TDG Limited was a goods transportation, distribution, warehousing and supply chain management company based in England with offices also in Ireland, Belgium, the Netherlands, Spain, Hungary and Germany.

==History==
The company was formed in 1922 as The General Lighterage Co Ltd. It was first listed on the London Stock Exchange in 1950, and changed its name to Transport Development Group in 1957. It started to expand into Europe in 1963, and acquired Van Straaten in the Netherlands in August 1999. The name changed to TDG plc in 2000.

The company acquired IWT Holdings, an Irish logistics business, in August 2001, Mond & Cie, a Belgian logistics business, in March 2006 and Doman S.A., a Spanish logistics business, in February 2007. In July 2008, TDG was taken private by the Laxey Investment Trust (later renamed Douglas Bay Capital) through Laxey Logistics and was subsequently removed from London Stock Exchange.

On 26 November 2010, Norbert Dentressangle reached an agreement to buy Laxey Logistics Ltd (which owns 100% of TDG Ltd and all its subsidiaries) from Douglas Bay Capital.
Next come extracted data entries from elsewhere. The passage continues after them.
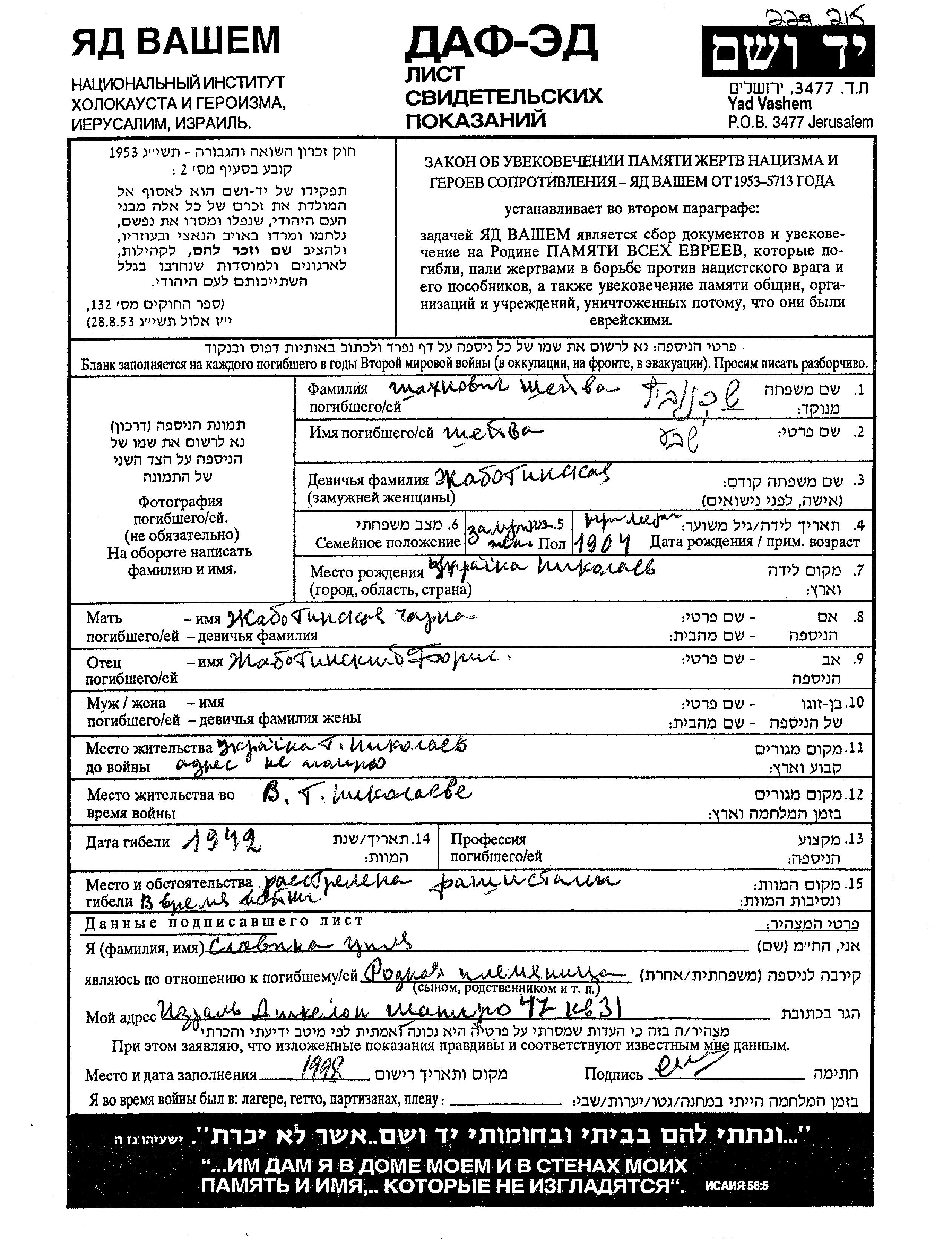 Shakhnovich | Sheiva | 1904 | Nikolayev, Ukraine (UdSSR) | Gedenkblatt |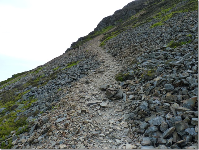 Leaving the steep grassy slopes behind & now on the scree section, despite the approach from the north (Loweswater end) I had in mind some back breaking ascent, the path here is steep but more than manageable which in turn winds its way through its crags just perfectly. |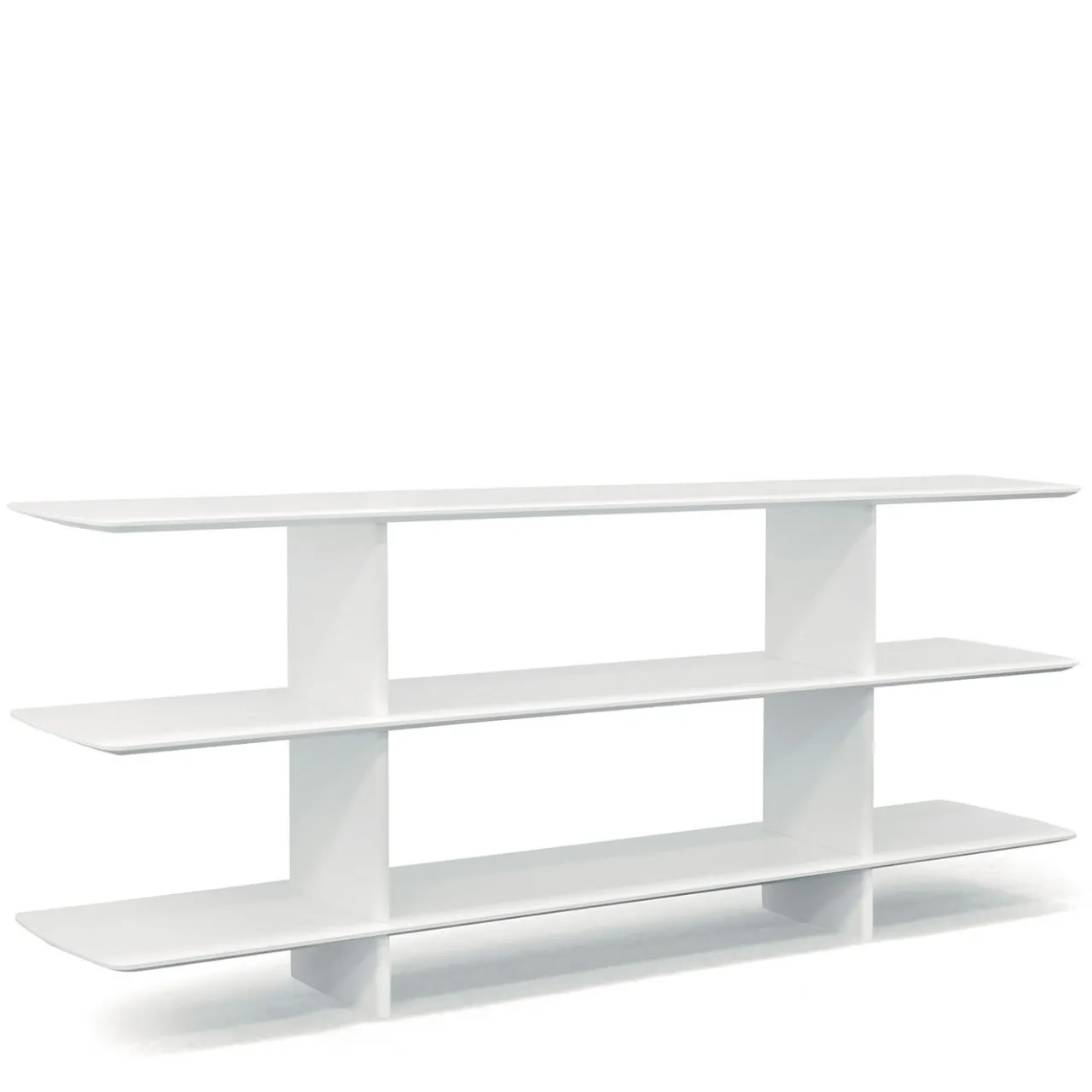 Caratterizzata da linee morbide e fluide, questa luminosa libreria colpisce per il suo design arioso capace di armonizzarsi in qualsiasi contesto contemporaneo o eclettico. Tre ripiani in legno laccato bianco, sostenuti da una struttura in alluminio coordinata, offrono ampio spazio per riporre libri o esporre fotografie di momenti indimenticabili. La base di appoggio è realizzata in Cristalplant®, un materiale resistente ma morbido, adatto a una vita sostenibile. Sono disponibili altre varianti, consultare il Concierge per i dettagli.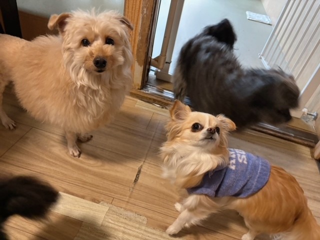 先輩のミックスちゃんが、新入りチワワちゃんにごあいさつ中でした。チワワちゃん、はじめての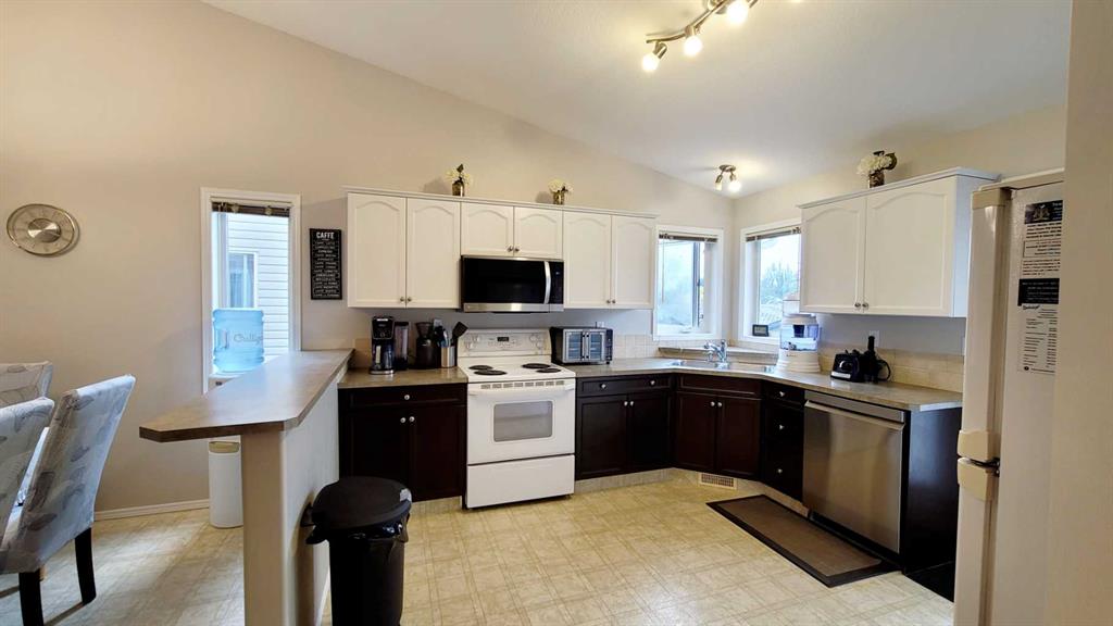 Welcome to 15 Elreg Street — a beautifully maintained and fully developed modified bi-level that blends space, functionality in every corner. From the moment you step inside, you’ll be greeted by vaulted ceilings and an abundance of natural light pouring through the oversized front window in the sunken living room, creating an inviting and airy atmosphere. Just a few steps up, the open-concept kitchen and dining area provide an ideal space for both everyday living and entertaining. The U-shaped kitchen features crisp white cabinetry, a corner sink, raised eating bar, tiled backsplash accents, and plenty of counter space for meal prep and gatherings. The new dishwasher and microwave (2024) add even more convenience to this well-equipped space. The upper level also includes two generously sized bedrooms and a full 4-piece bathroom, ideal for families or guests. Downstairs, the fully finished basement expands your living space with a large family room, two additional bedrooms, and a beautifully renovated 3-piece bathroom (2023) — perfect for teens, guests, or a home office setup. The new basement flooring (2022) adds a fresh, modern touch, while the huge under-stair storage area offers clever space-saving solutions. You’ll also find a spacious laundry area with a new dryer (2024) and plenty of room to stay organized. This home has been updated with some mechanical improvements including a new hot water tank (2024), new shingles (spring 2023), and a battery backup sump pump for added peace of mind. It’s also a no-smoking home, ensuring a clean and well-cared-for environment. Step outside to enjoy the fully fenced and landscaped backyard, complete with a newly stained deck, covered front veranda, and mature trees offering beauty and shade. A large rear parking pad provides ample space for vehicles or future garage plans. A welcoming, family-friendly neighborhood with easy access to schools, parks, out door skating rink, and local amenities. This move-in ready home offers unbeatable value — just unpack and start enjoying your new space!
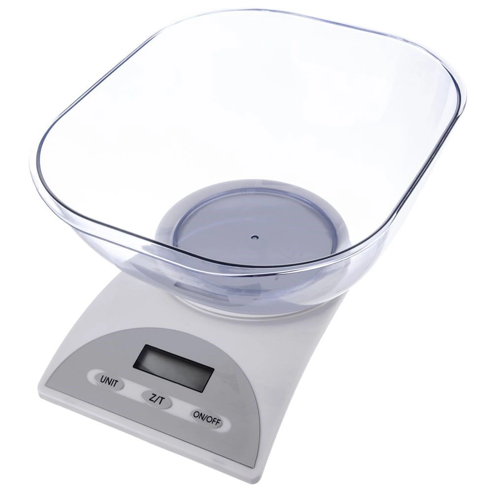 A practical digital kitchen scale with a spacious 3 l bowl and a capacity up to 5 kg offers precise weighing with 1 g increments, a clear LCD display, and a tare function. It features 4 measurement units (kg, g, lb, oz), automatic shut-off, and indicators for low battery and overload. Ideal for accurately measuring ingredients for cooking and baking.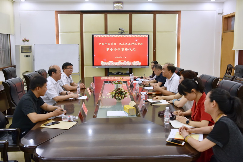 5 月 27 日上午,广西中医学校与河池市巴马民族师范学校联合办学签字仪式在东葛校区会议室举行,广西中医学校校长刘竑清,副校长周琦、林原;河池市巴马民族师范学校校长黄正杰,副校长黄德英及双方相关部门负责人参加签约仪式。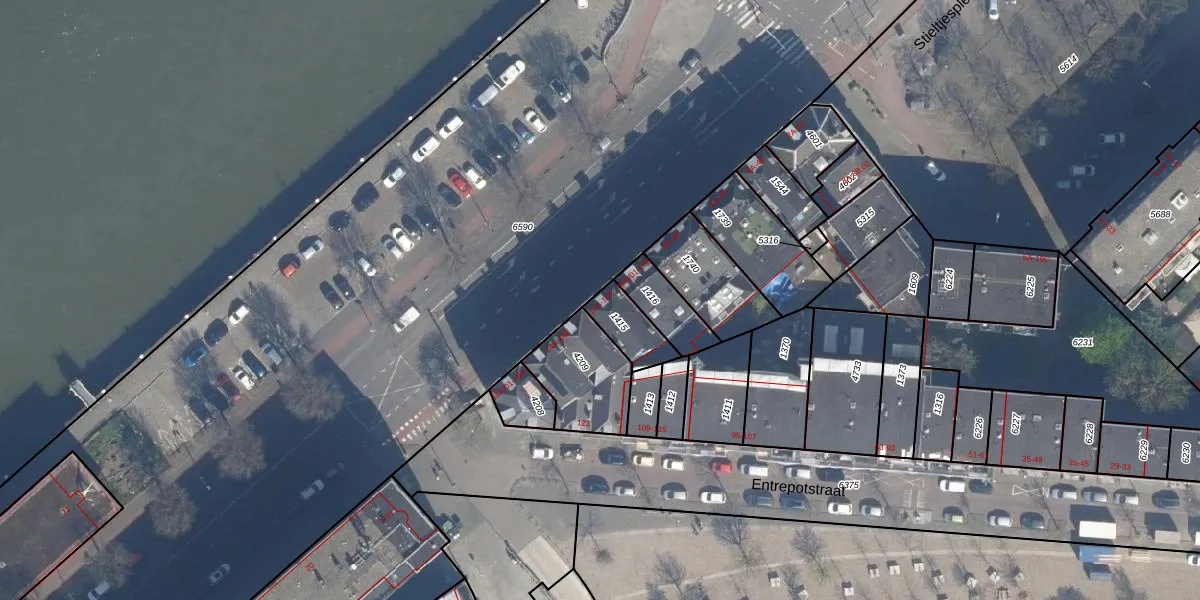 Het perceel waarop het adres ligt is RTD05-Q-1415. De afkorting 'RTD05' staat voor kadastrale gemeente Rotterdam. De gemiddelde perceelgrootte in Rotterdam is 1401,79 m². Dit perceel is kleiner: de perceeloppervlakte bedraagt 104 m². Het kleinste perceel in de kadastrale gemeente is 0 m² groot. De grootste perceeloppervlakte is 36,8 ha. Op het perceel liggen in totaal 3 adressen. De laatste wijziging in het de Basisregistratie Kadaster (BRK) was op 20-10-2006.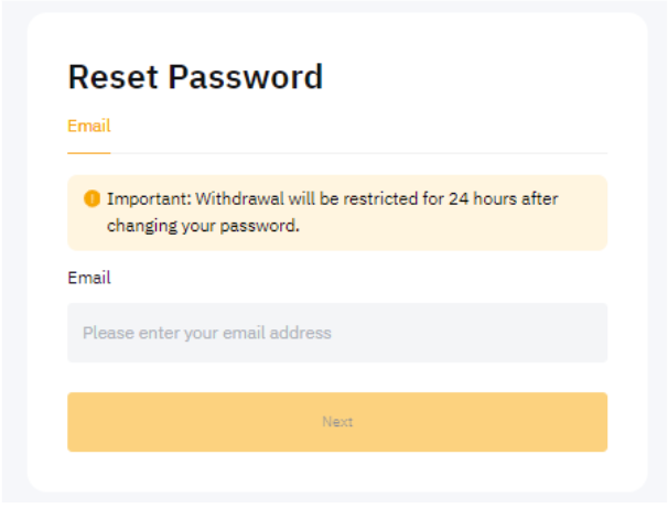 重設密碼前,請注意,修改登入密碼後 24 小時內,將禁止虛擬加密貨幣提款: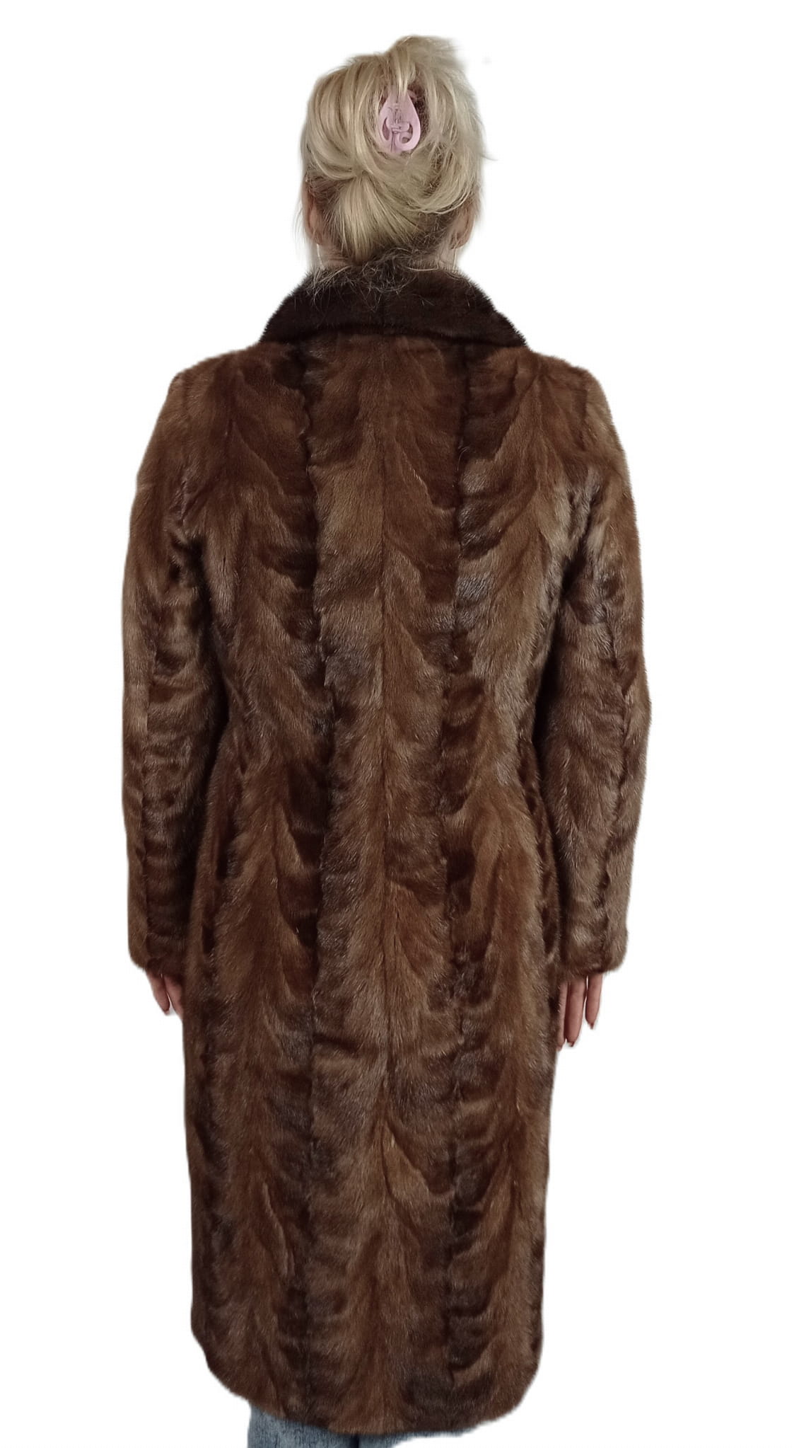 Ponadczasowy płaszcz o klasycznym kroju, wykonany z miękkiego, naturalnego futra norek.

The transaction was completed on 29 March 2011, following approval from the European Commission. TDG Limited became a subsidiary of XPO, Inc. after Norbert Dentressangle was acquired by XPO, Inc. in 2015.

==Activities==
The company is organised into four sectors; Transport and Distribution, Warehousing and Storage, International Services and Support Services and offers the following services:

- Logistics warehousing and shared user warehousing
- Transport logistics, hazardous goods transport, bulk and packed chemical transport
- Distribution logistics, 3PL, High-Cube transport network
- Flexible end to end supply chain management
- Bulk chemical storage and hazardous goods warehousing
- Temperature controlled warehousing and distribution
- International freight forwarding by air, sea or road
- 4PL services that maximise efficiency and reduce costs
- Customs brokerage services
- Value added services including: tank cleaning, drumming, blending, mixing, contract packing and IBC cleaning and management.